A recent articulation of conflict theory is found in Canadian sociologist Alan Sears' book A Good Book, in Theory: A Guide to Theoretical Thinking (2008):

- Societies are defined by inequality that produces conflict, rather than which produces order and consensus. This conflict based on inequality can only be overcome through a fundamental transformation of the existing relations in the society, and is productive of new social relations.
- The disadvantaged have structural interests that run counter to the status quo, which, once they are assumed, will lead to social change. Thus, they are viewed as agents of change rather than objects one should feel sympathy for.
- Human potential (e.g., capacity for creativity) is suppressed by conditions of exploitation and oppression, which are necessary in any society with an unequal division of labour. These and other qualities do not necessarily have to be stunted due to the requirements of the so-called "civilizing process," or "functional necessity": creativity is actually an engine for economic development and change.
- The role of theory is in realizing human potential and transforming society, rather than maintaining the power structure. The opposite aim of theory would be the objectivity and detachment associated with positivism, where theory is a neutral, explanatory tool.
- Consensus is a euphemism for ideology. Genuine consensus is not achieved, rather the more powerful in societies are able to impose their conceptions on others and have them accept their discourses. Consensus does not preserve social order, it entrenches stratification, a tool of the current social order.
- The State serves the particular interests of the most powerful while claiming to represent the interests of all. Representation of disadvantaged groups in State processes may cultivate the notion of full participation, but this is an illusion/ideology.
- Inequality on a global level is characterized by the purposeful underdevelopment of Third World countries, both during colonization and after national independence. The global system (i.e., development agencies such as World Bank and International Monetary Fund) benefits the most powerful countries and multi-national corporations, rather than the subjects of development, through economic, political, and military actions.

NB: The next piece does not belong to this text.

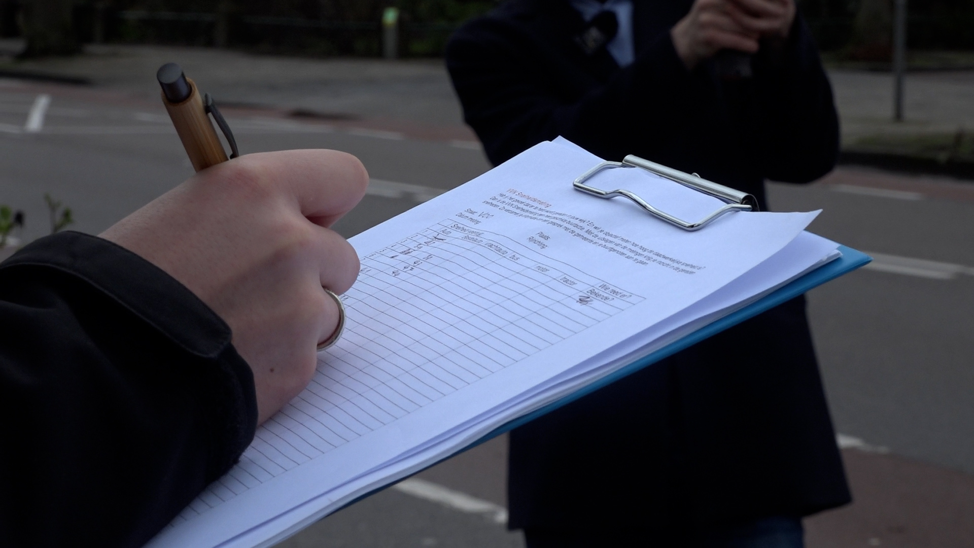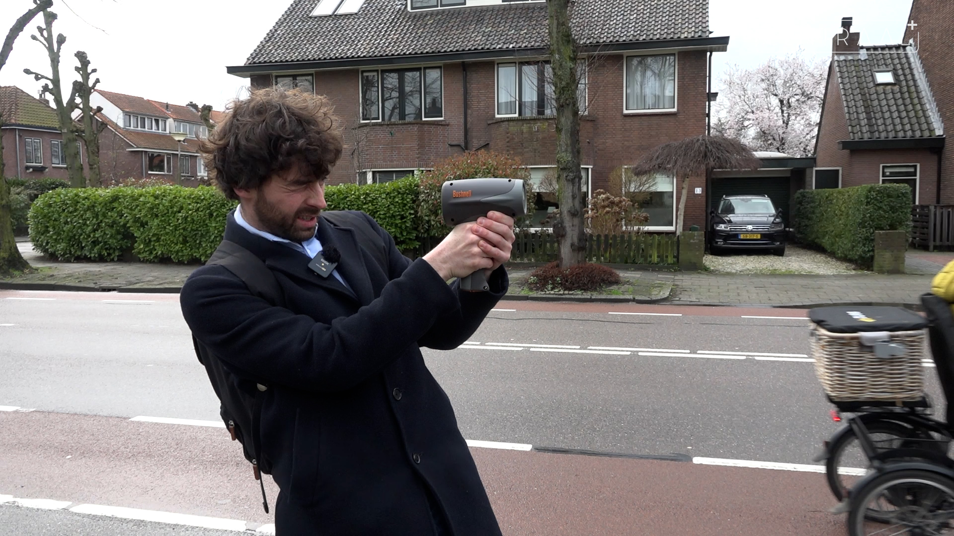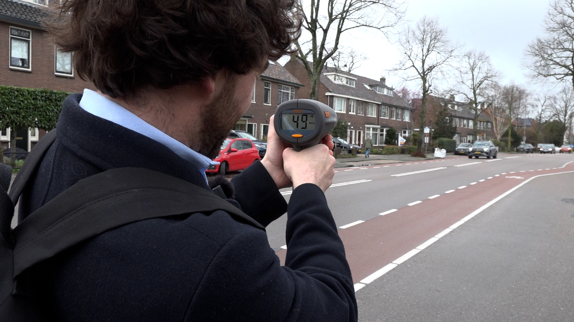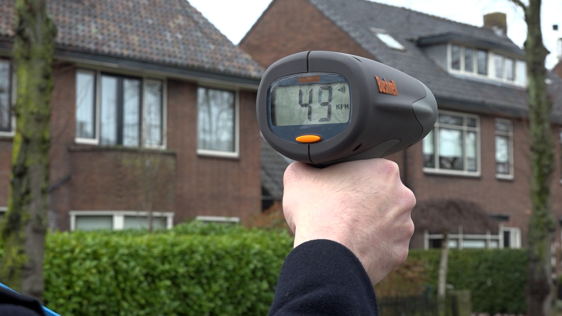 Voor de metingen gebruikte Overduin een snelheidsmeter die hij via Veilig Verkeer Nederland kon lenen. De laser meet de snelheid van passerende voertuigen. “Er wordt hard gereden, kunnen we wel veronderstellen,” zegt Overduin na de metingen op de Acacialaan.

Although Sears associates the conflict theory approach with Marxism, he argues that it is the foundation for much "feminist, post-modernist, anti-racist, and lesbian-gay liberationist theories."

Conflict theory has three assumptions:
- Humans are self-interested.
- Societies operate under perpetual scarcity of resources.
- Conflict is pervasive and unavoidable within social groups and between social groups.

==Types==
Conflict theory is most commonly associated with Marxism, but as a reaction to functionalism and the positivist method, it may also be associated with a number of other perspectives, including:
- Critical theory
- Feminist theory: An approach that recognizes women's political, social, and economic equality to men.
- Postmodern theory: An approach that is critical of modernism, with a mistrust of grand theories and ideologies.
- Post-structural theory
- Postcolonial theory
- Queer theory: A growing body of research findings that challenges the heterosexual bias in Western society.
- World systems theory
- Race-conflict approach: A point of view that focuses on inequality and conflict between people of different racial and ethnic categories.
- Critical realism (philosophy of the social sciences)
- Realistic Conflict Theory

==Criticism==
Conflict theory has been criticised for being too politicised by its association with Marx and its widespread use by advocates in numerous causes and movements. Critics also argue it downplays unity in society while taking a negative view of society.